● **What the exercise asks**
Please return the listing below exactly, without any of its pictures.

● **Input**
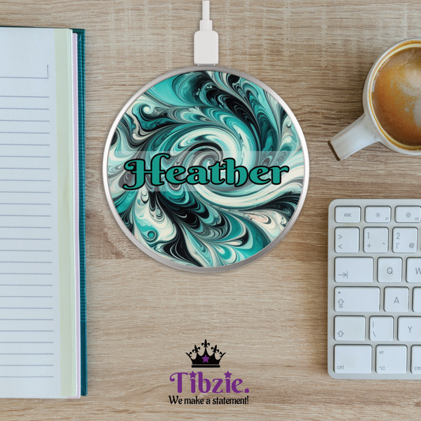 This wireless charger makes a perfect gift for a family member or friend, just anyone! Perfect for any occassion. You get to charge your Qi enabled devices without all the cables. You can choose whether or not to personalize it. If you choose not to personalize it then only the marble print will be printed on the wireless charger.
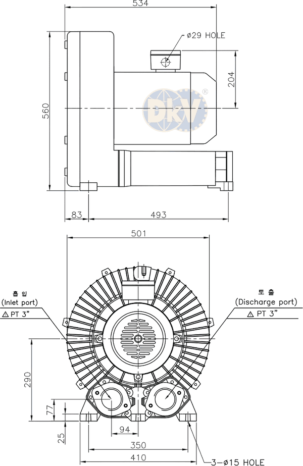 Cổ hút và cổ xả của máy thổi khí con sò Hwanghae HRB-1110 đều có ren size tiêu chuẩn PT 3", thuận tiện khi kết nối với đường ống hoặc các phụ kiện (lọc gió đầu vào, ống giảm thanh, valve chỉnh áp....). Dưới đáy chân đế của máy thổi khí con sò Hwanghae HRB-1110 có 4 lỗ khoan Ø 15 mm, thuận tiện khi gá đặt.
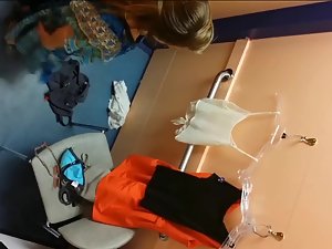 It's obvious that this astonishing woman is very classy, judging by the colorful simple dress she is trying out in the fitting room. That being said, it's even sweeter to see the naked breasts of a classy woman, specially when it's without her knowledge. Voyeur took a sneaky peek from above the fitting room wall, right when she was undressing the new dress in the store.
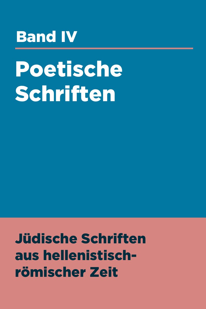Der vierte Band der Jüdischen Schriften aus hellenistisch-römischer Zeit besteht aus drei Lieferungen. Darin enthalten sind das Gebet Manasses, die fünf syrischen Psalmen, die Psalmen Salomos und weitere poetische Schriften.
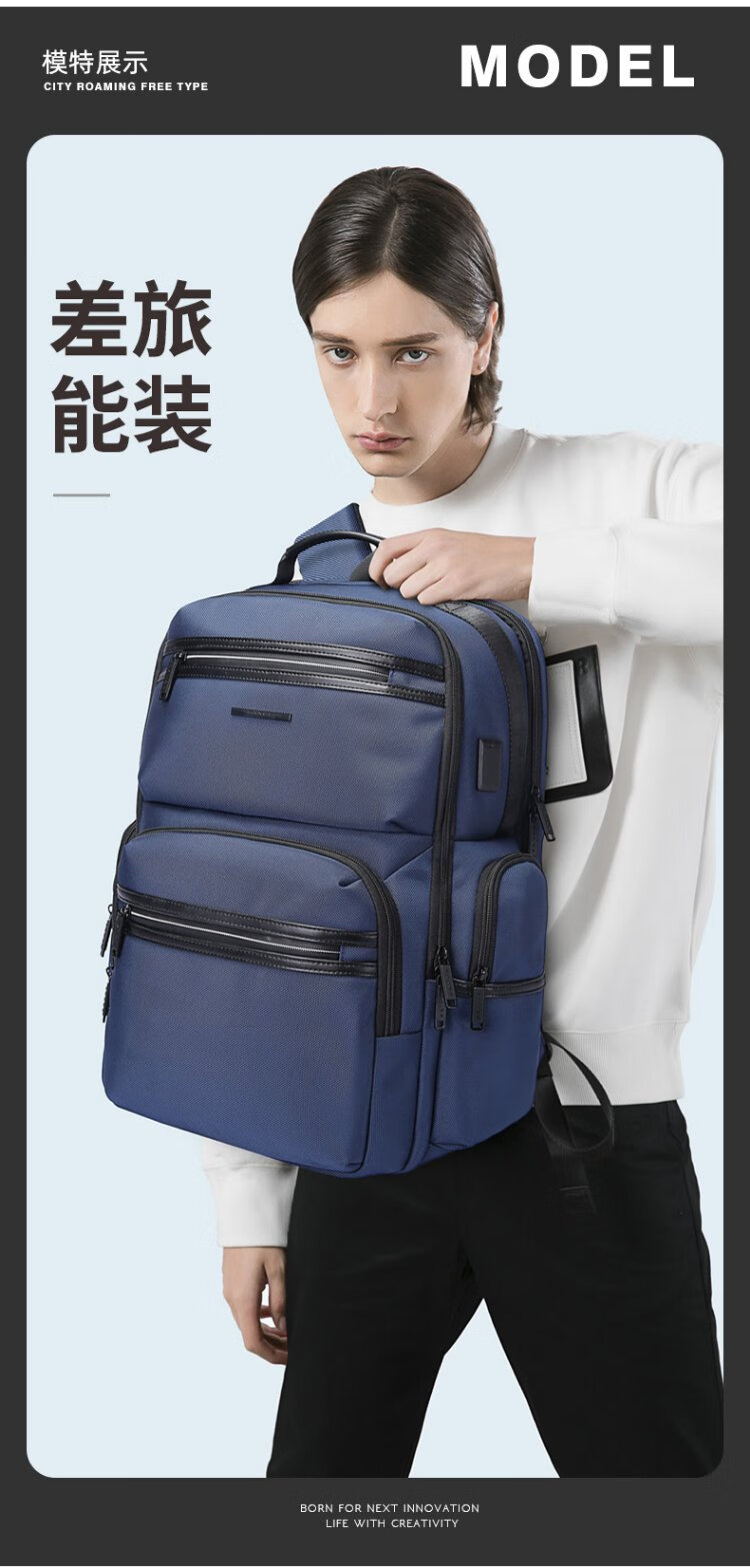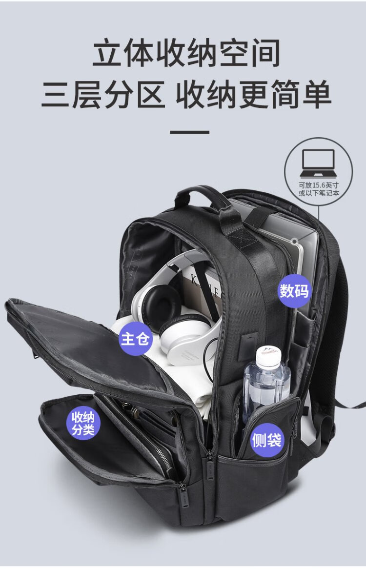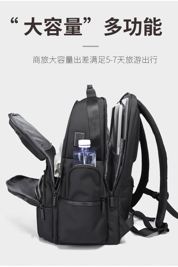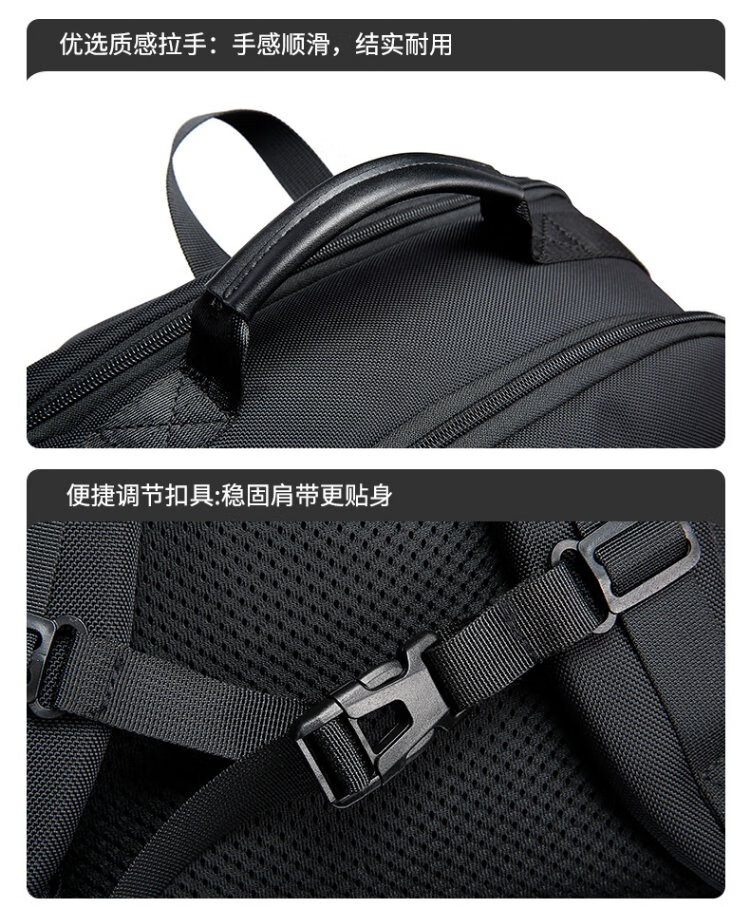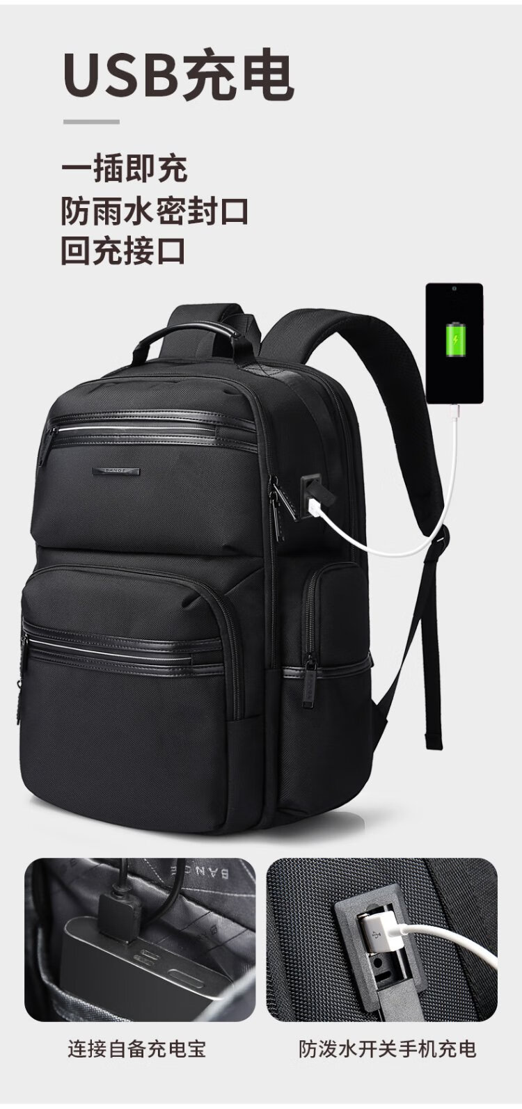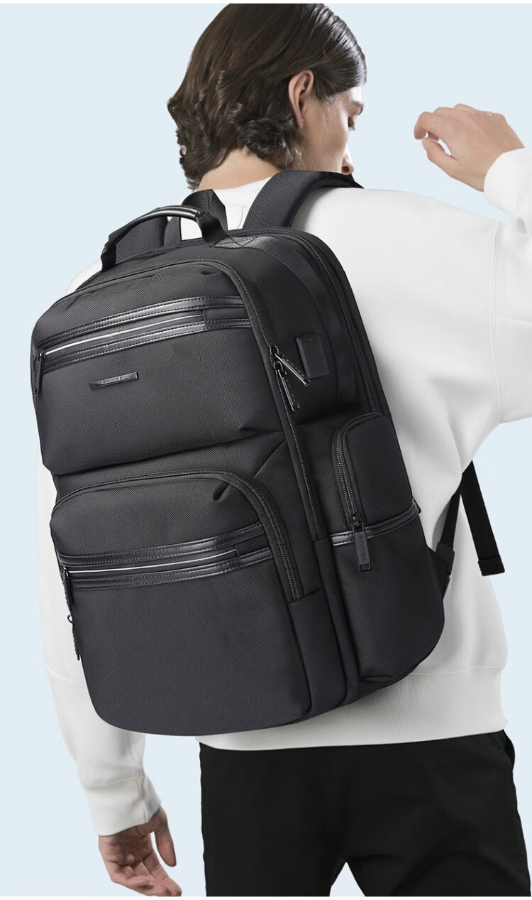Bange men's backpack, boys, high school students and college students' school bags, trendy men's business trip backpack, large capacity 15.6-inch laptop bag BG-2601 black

● **Answer to the exercise**
 This wireless charger makes a perfect gift for a family member or friend, just anyone! Perfect for any occassion. You get to charge your Qi enabled devices without all the cables. You can choose whether or not to personalize it. If you choose not to personalize it then only the marble print will be printed on the wireless charger.
 Cổ hút và cổ xả của máy thổi khí con sò Hwanghae HRB-1110 đều có ren size tiêu chuẩn PT 3", thuận tiện khi kết nối với đường ống hoặc các phụ kiện (lọc gió đầu vào, ống giảm thanh, valve chỉnh áp....). Dưới đáy chân đế của máy thổi khí con sò Hwanghae HRB-1110 có 4 lỗ khoan Ø 15 mm, thuận tiện khi gá đặt.
 It's obvious that this astonishing woman is very classy, judging by the colorful simple dress she is trying out in the fitting room. That being said, it's even sweeter to see the naked breasts of a classy woman, specially when it's without her knowledge. Voyeur took a sneaky peek from above the fitting room wall, right when she was undressing the new dress in the store.
Der vierte Band der Jüdischen Schriften aus hellenistisch-römischer Zeit besteht aus drei Lieferungen. Darin enthalten sind das Gebet Manasses, die fünf syrischen Psalmen, die Psalmen Salomos und weitere poetische Schriften.
Bange men's backpack, boys, high school students and college students' school bags, trendy men's business trip backpack, large capacity 15.6-inch laptop bag BG-2601 black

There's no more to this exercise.